TASK DATA: Begin

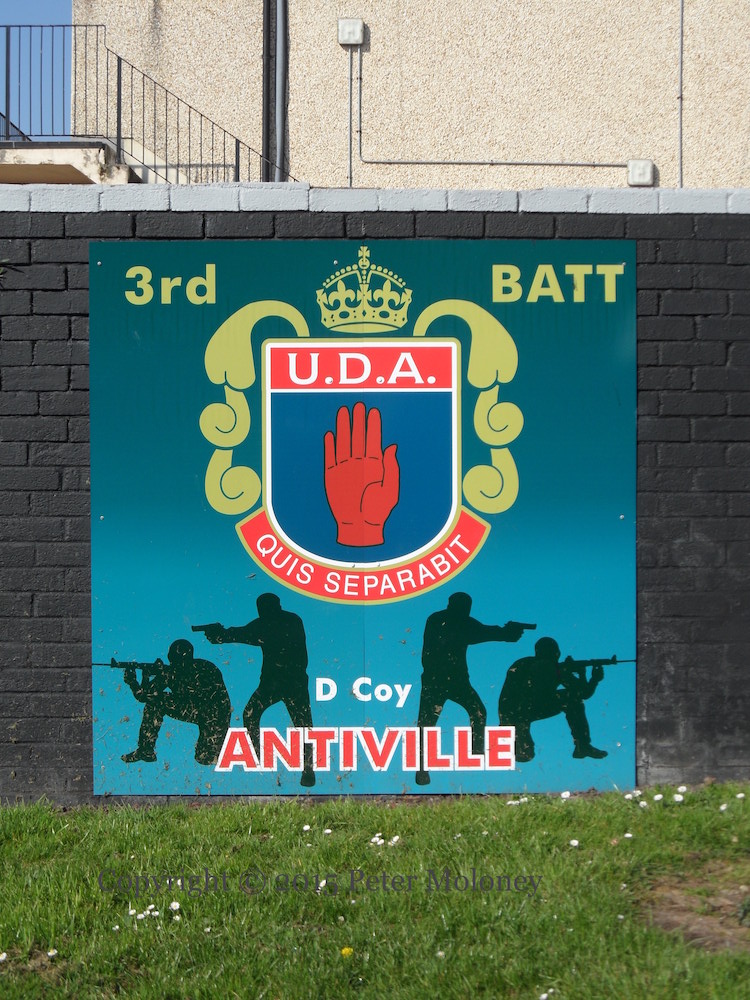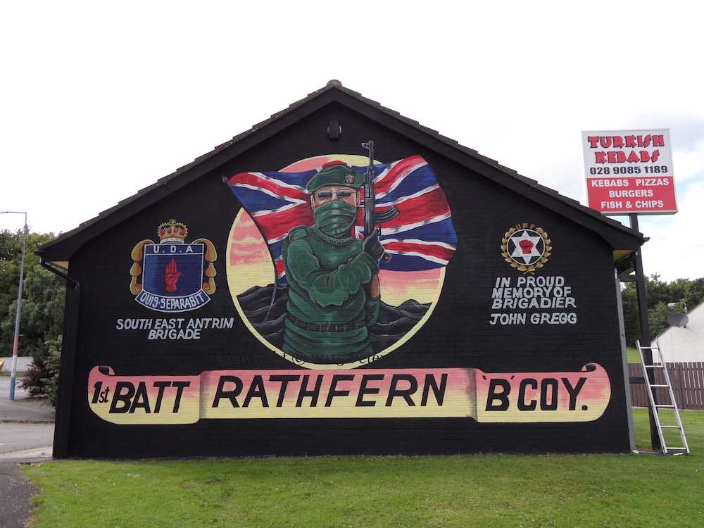 This is a new UDA mural in memory of John Gregg, “The Reaper”, who waged a campaign of terror against Catholics in south-east Antrim and was reputedly associated with British neo-Nazi groups. Gregg was gunned down in 2003, while returning from a Rangers match, as part of the power struggle with Johnny Adair.
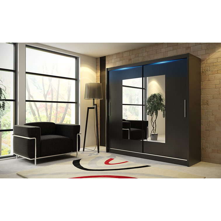 Kvalitná šatníková skriňa KOLA 6 čierna 180 cm Bez LED osvetlenia
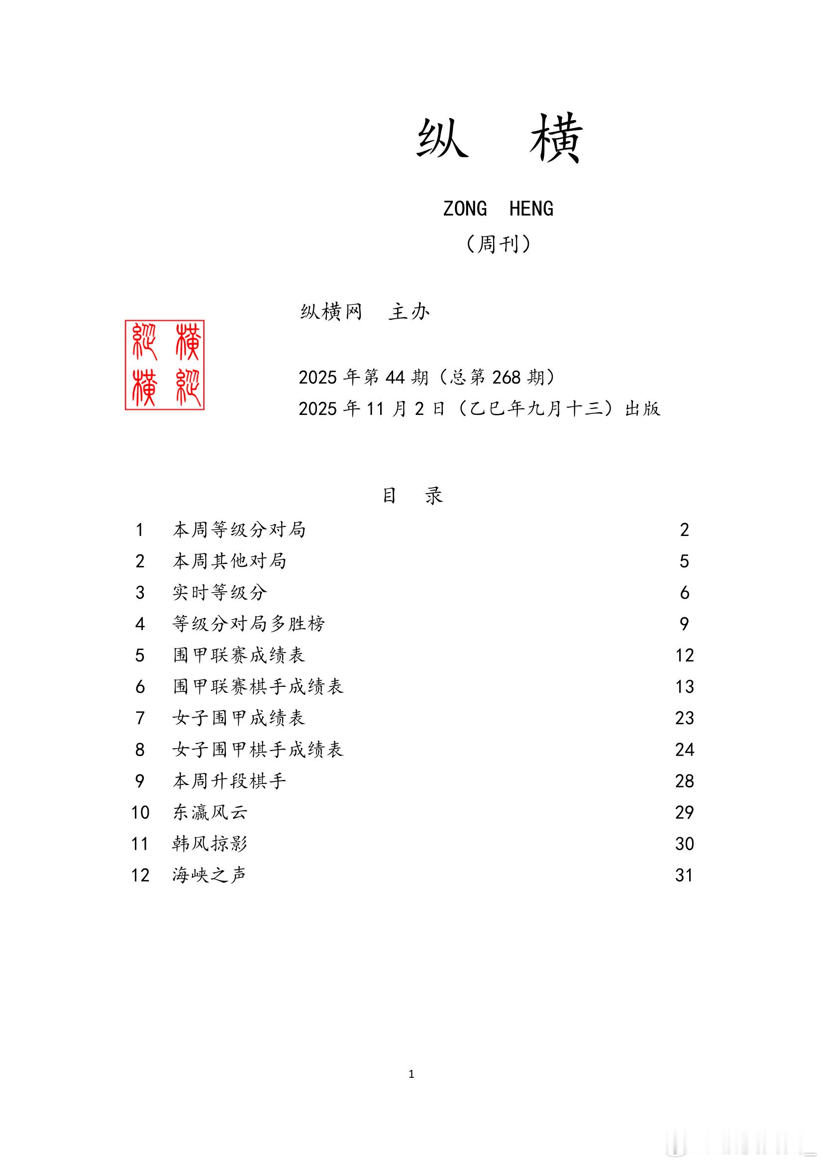 围棋历史 纵横周刊(2025-44)上
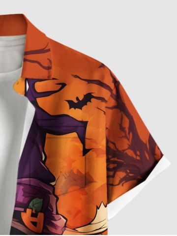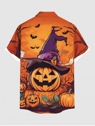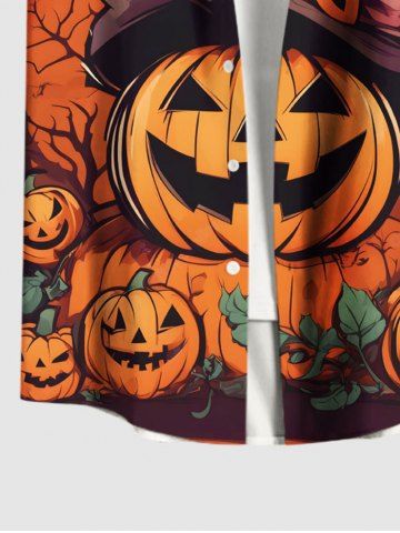 Homme> Chemise grande taille à boutons et poches pour homme, motif citrouille, chauve-souris, toile d'araignée, Halloween
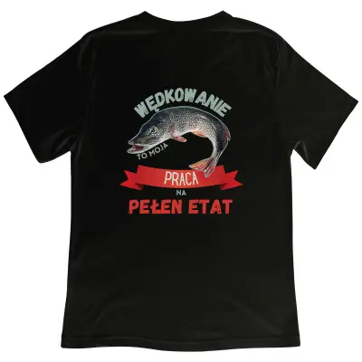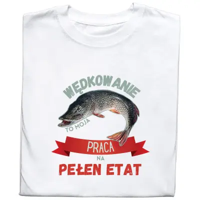 Koszulka z nadrukiem Szczupak – Wędkarstwo to moja praca na pełen etat. Idealna dla pasjonatów ryb i hobby wędkarskiego!
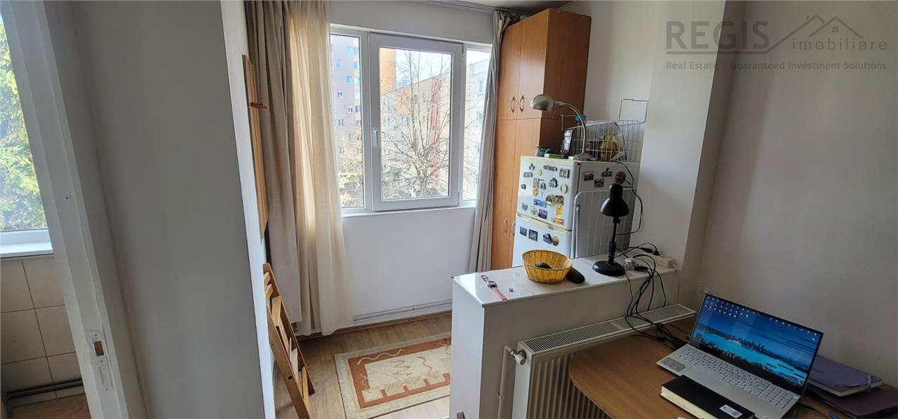 REGIS Imobiliare va propune spre vanzare o garsoniera luminoasa, semidecomandata, cu suprafata utila de 30 mp, situata la etaj intermediar, etajul 3 din 9, pe strada Soarelui, intr-un bloc cu 9 etaje, intr-o zona linistita. Garsoniera este partial mobilata si utilata, gata de mutare, dispune de geamuri termopan si centrala termica proprie si are clasa energetica A. Blocul dispune de interfon si lift.
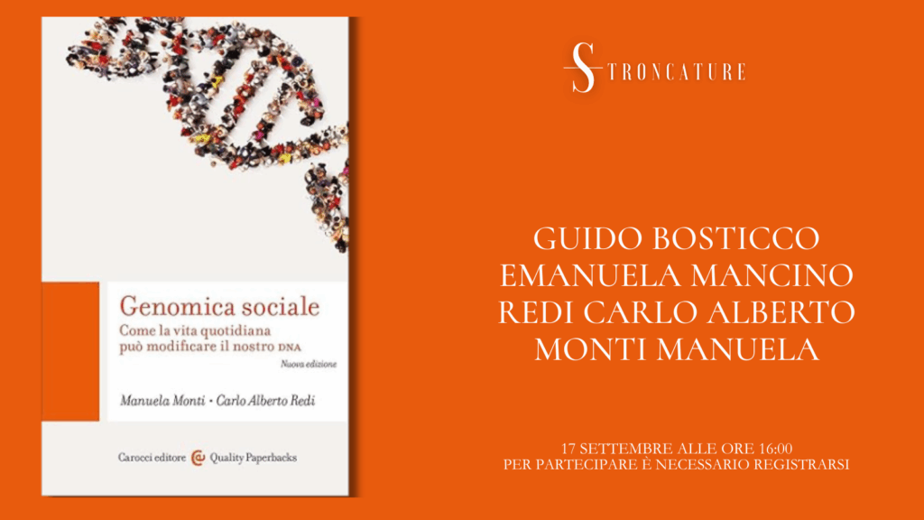 Il prossimo 17 settembre alle 16:00, Stroncature ospiterà la presentazione del libro "Genomica sociale. Come la vita quotidiana può modificare il nostro DNA" di Carlo Alberto Redi e Manuela Monti (Carocci editore, 2025).
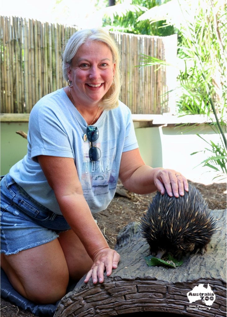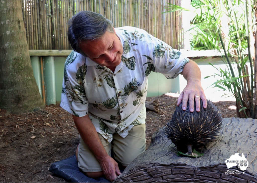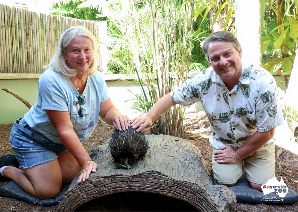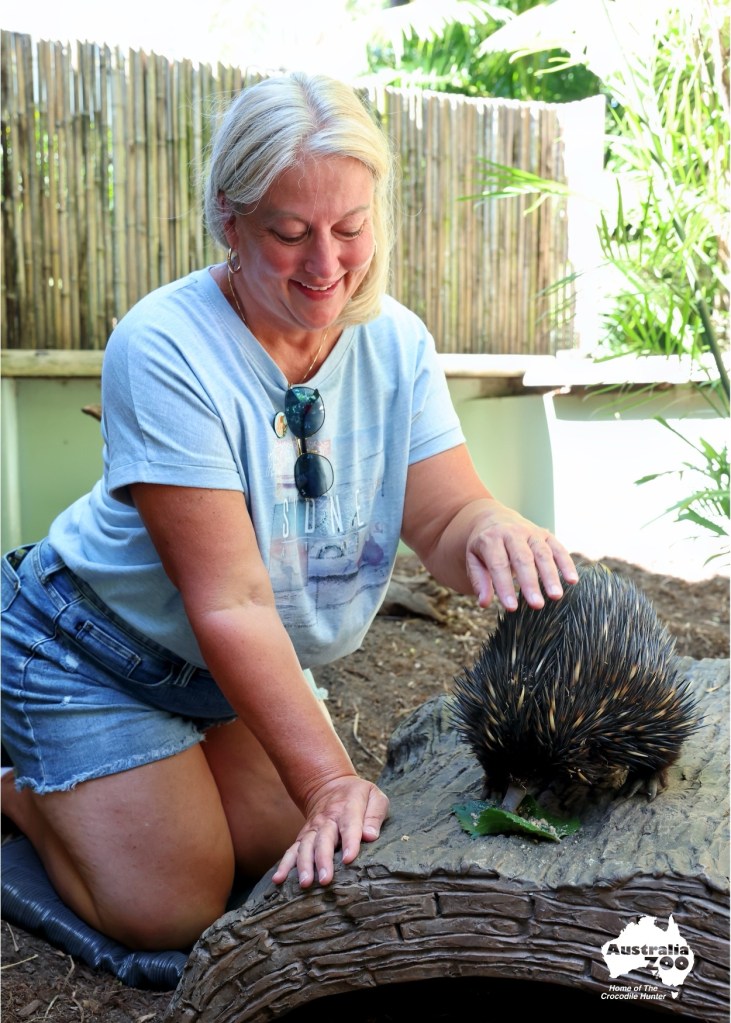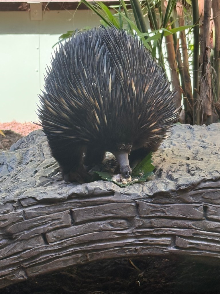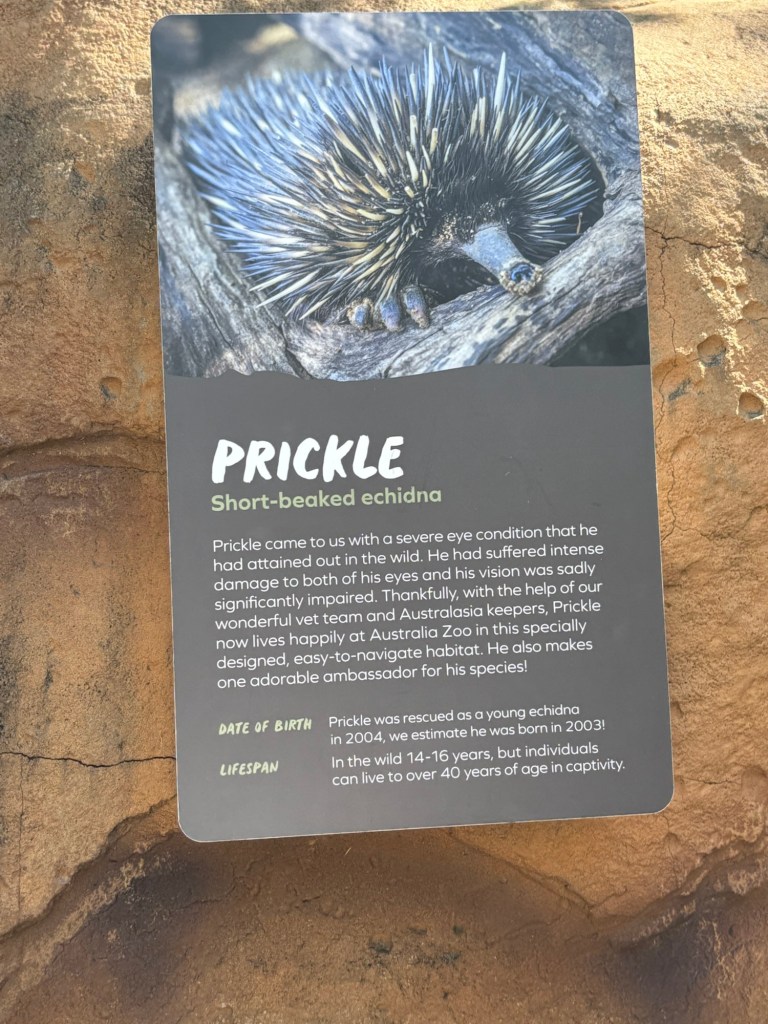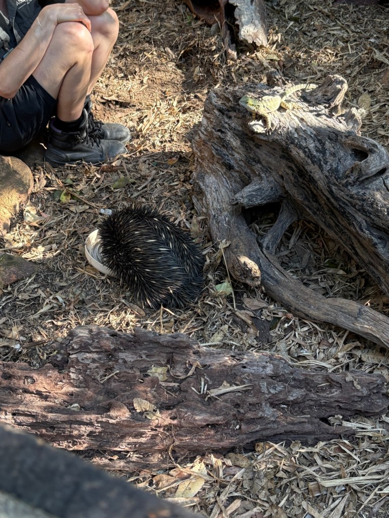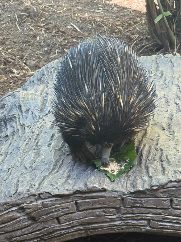 After lunch Rob and I had our animal encounter selection with the tiny little echidna. Ours was named “Three Feet” for obvious reasons, having been found and rescued from a pool drain and requiring an amputation of one of his legs. After his leg was rehabbed, Three Feet was going to be released back into the wild when his keepers found out that he was allergic to ants, one of the main staple foods of an echidna’s diet! Poor little guy! So, he has stayed at the zoo. We learned soooo much about these funky little egg-laying marsupials! Plus we got to pet Three Feet, who had spiky quills that felt like waxy plants. He was so cute! We also met his friend Prickle.

TASK DATA: End

• TASK DIRECTIONS:
From the records above, copy only the lines running from the line holding "Homme> Chemise grande" through the line holding "Koszulka z nadrukiem", with no pictures.

• REPLY:
 Homme> Chemise grande taille à boutons et poches pour homme, motif citrouille, chauve-souris, toile d'araignée, Halloween
 Koszulka z nadrukiem Szczupak – Wędkarstwo to moja praca na pełen etat. Idealna dla pasjonatów ryb i hobby wędkarskiego!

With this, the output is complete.